WORK INSTRUCTION –
Return every record below exactly as written, omitting any pictures.

STORED DATA –
**********
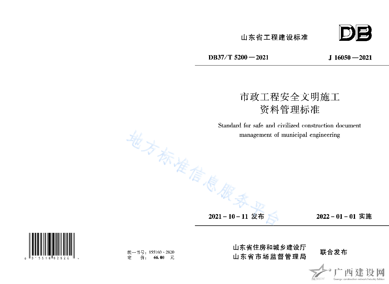 DB37 T5200-2021市政工程安全文明施工資料管理標(biāo)準(zhǔn)
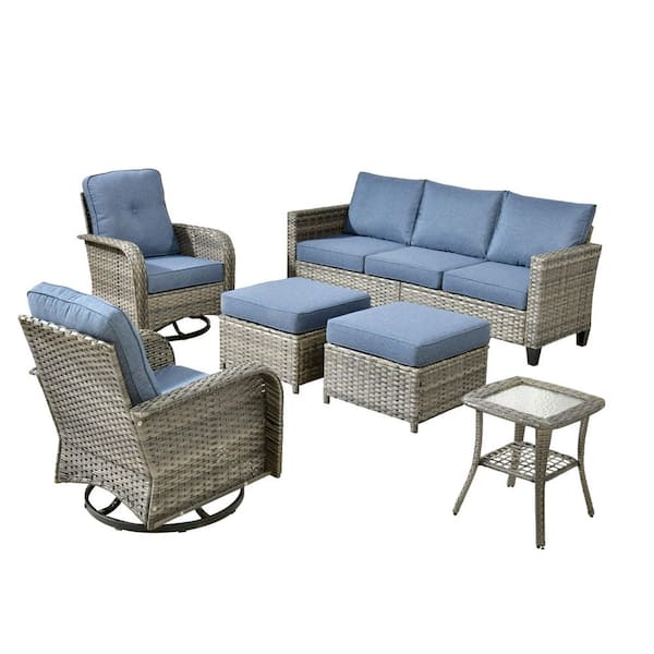 Elysia Gray 6-Piece Wicker Outdoor Sectional Patio Conversation Set with Denim Blue Cushions Rocking Chairs and Ottomans
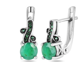 Серьги, арт.657869 Серебро Серебро 925, 1,64 гр., зеленый агат , изумруд берилл
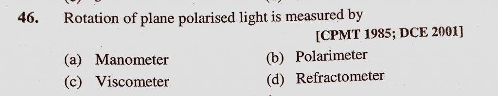 Rotation of plane polarised light is measured by (a) Manometer (b) Polarimeter (c) Viscometer (d) Refractometer Rotation of plane polarised light is measured by (a) Manometer (b) Polarimeter (c) Viscometer (d) Refractometer December 10, 2020 Category: Uncategorised (JEE Advanced Physics by BM Sharma + GMP Solutions) , Facebook Messenger WhatsApp Share this:TwitterFacebook Related
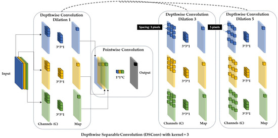 Figure 4). For example, for dilation rates 1, 3, and 5, the same filter W is reused at different scales: F.conv2d (input, weight = W, dilation = d). This design enables efficient multi-scale feature extraction without introducing redundant parameters. Finally, the extracted multi-scale features are concatenated and refined through a final 1 × 1 convolution block (Conv2D + BatchNorm + SiLU), which ensures smooth feature integration before passing them to the neck.
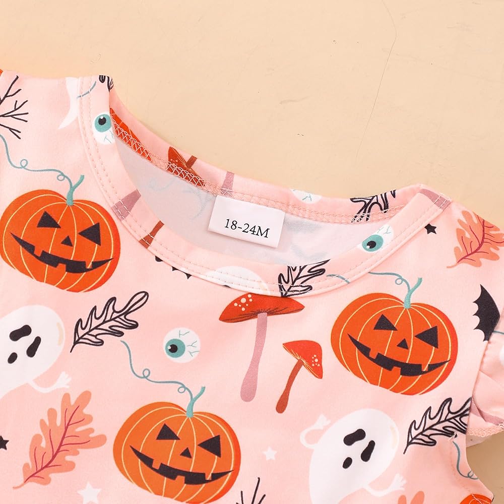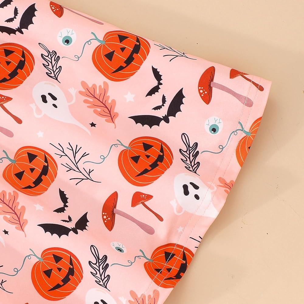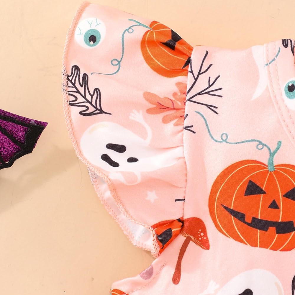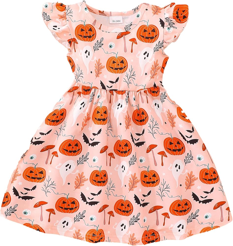 • فستان للفتيات الصغيرات في الهالوين: مطبوع على شكل قرع وهيكل عظمي لطيف، نمط وردي وأرجواني وأسود، فستان رائع للهالوين لطفلتك الصغيرة للاحتفال.
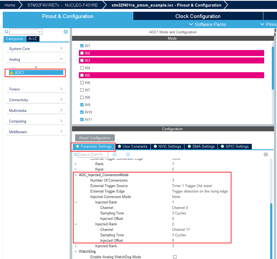 • The ADC channel is configured to read current feedback from the injected group conversions of ADC 1 and the reference speed from regular group conversions.
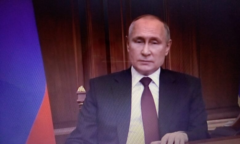 « Je considère qu’il est nécessaire de prendre une décision attendue depuis longtemps : Reconnaître immédiatement l’indépendance et la souveraineté de la République populaire de Donetsk et de la République populaire de Louhansk », a déclaré M. Poutine.
**********
WRITTEN ANSWER –
 DB37 T5200-2021市政工程安全文明施工資料管理標(biāo)準(zhǔn)
 Elysia Gray 6-Piece Wicker Outdoor Sectional Patio Conversation Set with Denim Blue Cushions Rocking Chairs and Ottomans
 Серьги, арт.657869 Серебро Серебро 925, 1,64 гр., зеленый агат , изумруд берилл
 Rotation of plane polarised light is measured by (a) Manometer (b) Polarimeter (c) Viscometer (d) Refractometer Rotation of plane polarised light is measured by (a) Manometer (b) Polarimeter (c) Viscometer (d) Refractometer December 10, 2020 Category: Uncategorised (JEE Advanced Physics by BM Sharma + GMP Solutions) , Facebook Messenger WhatsApp Share this:TwitterFacebook Related
 Figure 4). For example, for dilation rates 1, 3, and 5, the same filter W is reused at different scales: F.conv2d (input, weight = W, dilation = d). This design enables efficient multi-scale feature extraction without introducing redundant parameters. Finally, the extracted multi-scale features are concatenated and refined through a final 1 × 1 convolution block (Conv2D + BatchNorm + SiLU), which ensures smooth feature integration before passing them to the neck.
 • فستان للفتيات الصغيرات في الهالوين: مطبوع على شكل قرع وهيكل عظمي لطيف، نمط وردي وأرجواني وأسود، فستان رائع للهالوين لطفلتك الصغيرة للاحتفال.
 • The ADC channel is configured to read current feedback from the injected group conversions of ADC 1 and the reference speed from regular group conversions.
 « Je considère qu’il est nécessaire de prendre une décision attendue depuis longtemps : Reconnaître immédiatement l’indépendance et la souveraineté de la République populaire de Donetsk et de la République populaire de Louhansk », a déclaré M. Poutine.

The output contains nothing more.